Come nulla, le camicie vengono piegate sapientemente da una tradizione che si perpetua tra gesti simili e contemporaneamente diversi. Lineamenti invisibili collegano la progenie, che cerca di mantenere, per quel che può, una descrizione del mondo più o meno accettabile per chi si affaccia alla mortalità. Forse non è necessario, per esistere, accettare l’esistenza, ma di fatto nessuno si ribella, e la via è occlusa verso una possibilità altra di stare nel mondo o nel non-mondo, nel tutto o nel niente, o in ciò che è innominabile. Un testimone o un sussurro potrebbero indicare la svolta verso l’altrove, che non si arena su nessuna parola data.

Da bambino, bastava poco per aprire nella fenditura dell’aria un cosmo inesplorato e sparire per ore, fino a essere ritrovati dalle braccia di una madre dubbiosa su dove fossi stato.
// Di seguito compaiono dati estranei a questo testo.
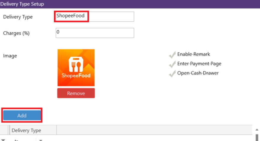 4. Click [Add] to add the delivery type and close the form.

Con il tempo, la fretta ha lasciato in sospeso tutte le fenditure che a volte ti rapiscono in un breve viaggio lungo l’impossibile, che però ha il sapore della verità. Ti vengo a trovare sempre più spesso quando non te ne accorgi; il mio amore è diventato silenzioso e furtivo. Uno sguardo si posa mentre l’altro è in procinto di una svolta, un bacio mentre l’altro scivola nel sonno, cullato solo dalla presenza sicura.